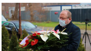
Członowie Warszawskiego Towarzystwa Cyklistów - upamiętnieni

Podczas przemówienia, dyrektor BUWiM zwrócił uwagę na rolę organizacji społecznych w boju o Polskę. Ich rola była nieodzownym elementem walk o niepodległość. Upamiętnienie zostało dofinansowane ze środków Oddziałowego Biura Upamiętniania Walk i Męczeństwa IPN w Warszawie.
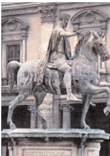
Arriba: estatua equestre de Marco aurelio, de bronce dorado. Se conserva en el interior del Museo Capitolino de Roma.
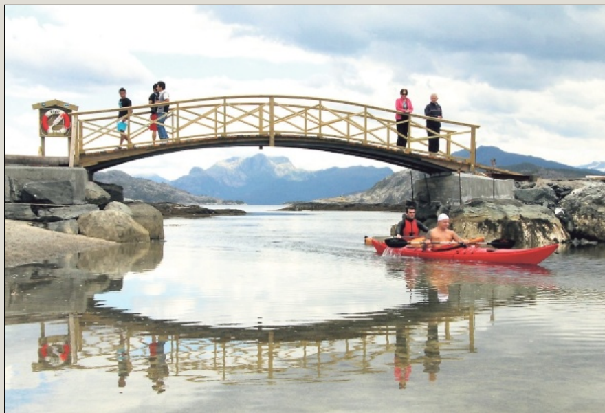
– Stemningsbilde tatt på Sørstrand Folkepark søndag 29. juli klokka 13.57. Mange er ute på tur for å sjå den flotte brua som er komen opp. All honnør til dei som står bak arbeidet, seier innsendaren.
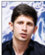
محمدباقری‌معتمد نایب‌قهرمان سابق المپیک

اما وقتی بازیکن بدون انتخابی فیکس می‌شود و هیچ‌کس نمی‌داند در انتخابی‌ها چه گذشته، نتیجه همین می‌شود.
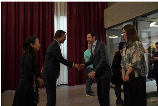
Դեսպան Առկի Յուտական և տիկին Առկին ողջունում են հյուրերին
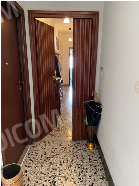
VISTA INGRESSO ALLOGGIO
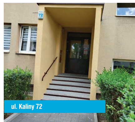
ul. Kaliny 72

towe na terenie Administracji Osiedla „Chorzów Batory”. W lipcu członkowie Rady Osiedla zapoznali się z oceną działalności gospodarczej, realizacją planu remontów za I półrocze 2024r., informacją dotyczącą gospodarki lokalami użytkowymi wraz z analizą opłat oraz omówili problematykę bieżącą.
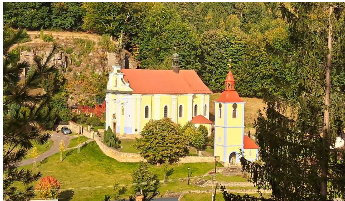
Horní Prysk - kostel sv. Petra a Pavla s obnovenou zvonicí - říjen 2023
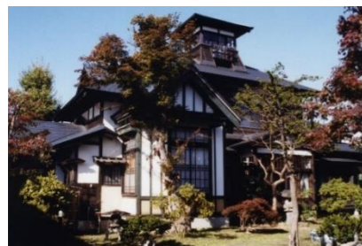
登録有形文化財(桜櫓館)
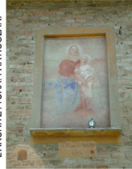
3. Edificio 1, parte 1a. Dipinto.
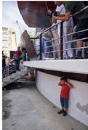
Estruendo inicial - (Hasierako danbada)
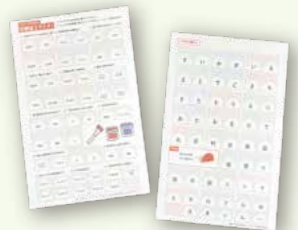
ビンゴdeアンケート
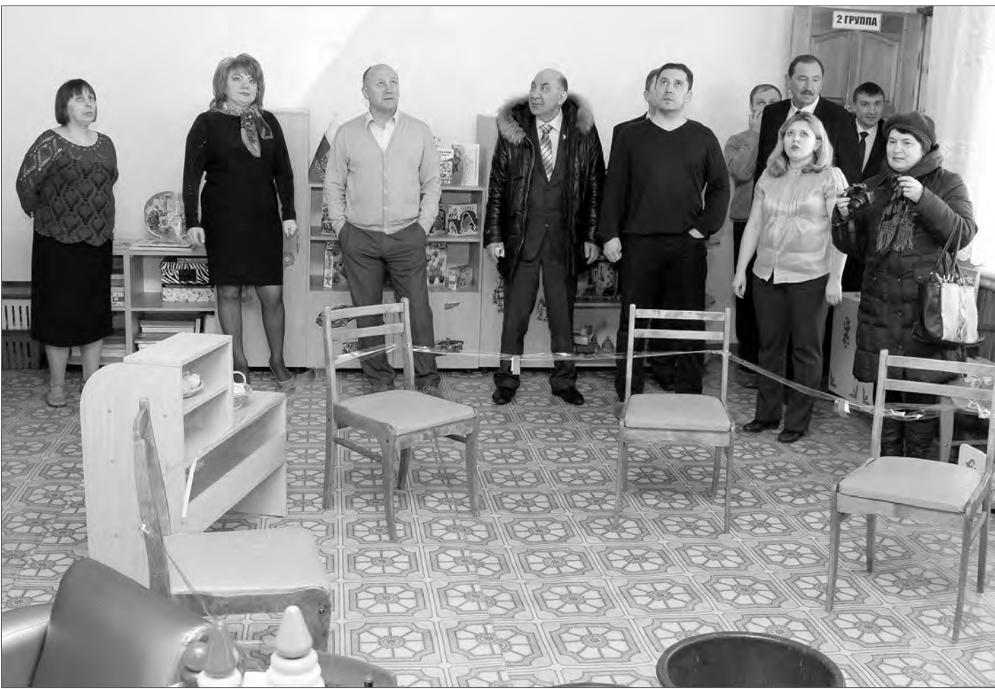
В одной из групп «Росинки».

Под звуки капели приятно гулять на свежем воздухе, но совсем другие эмоции испытываешь, когда талая вода течет прямо с потолка на пол, а ручьи бегут по углам стен. Вот почему долгожданная весна не радует воспитанников детского сада «Росинка», расположенного в районе ВМЗ. В здании протекает крыша, малышам приходится терпеть сезонную сырость и неудобства. Причем дырявая кровля, как выяснилось, далеко не единственная беда помещений постройки военных лет, где еще в 40-х годах прошлого века располагался солдатский госпиталь.
#####
■ PROBLEM TO WORK ON ■
Please set down, exactly and with no pictures, the lines in the entries above starting at the one holding "Podczas przemówienia, dyrektor" and ending at the one holding "3. Edificio 1, parte 1a. Dipinto.", ends included.

■ EXERCISE RESPONSE ■
Podczas przemówienia, dyrektor BUWiM zwrócił uwagę na rolę organizacji społecznych w boju o Polskę. Ich rola była nieodzownym elementem walk o niepodległość. Upamiętnienie zostało dofinansowane ze środków Oddziałowego Biura Upamiętniania Walk i Męczeństwa IPN w Warszawie.
Arriba: estatua equestre de Marco aurelio, de bronce dorado. Se conserva en el interior del Museo Capitolino de Roma.
– Stemningsbilde tatt på Sørstrand Folkepark søndag 29. juli klokka 13.57. Mange er ute på tur for å sjå den flotte brua som er komen opp. All honnør til dei som står bak arbeidet, seier innsendaren.
محمدباقری‌معتمد نایب‌قهرمان سابق المپیک

اما وقتی بازیکن بدون انتخابی فیکس می‌شود و هیچ‌کس نمی‌داند در انتخابی‌ها چه گذشته، نتیجه همین می‌شود.
Դեսպան Առկի Յուտական և տիկին Առկին ողջունում են հյուրերին
VISTA INGRESSO ALLOGGIO
ul. Kaliny 72

towe na terenie Administracji Osiedla „Chorzów Batory”. W lipcu członkowie Rady Osiedla zapoznali się z oceną działalności gospodarczej, realizacją planu remontów za I półrocze 2024r., informacją dotyczącą gospodarki lokalami użytkowymi wraz z analizą opłat oraz omówili problematykę bieżącą.
Horní Prysk - kostel sv. Petra a Pavla s obnovenou zvonicí - říjen 2023
登録有形文化財(桜櫓館)
3. Edificio 1, parte 1a. Dipinto.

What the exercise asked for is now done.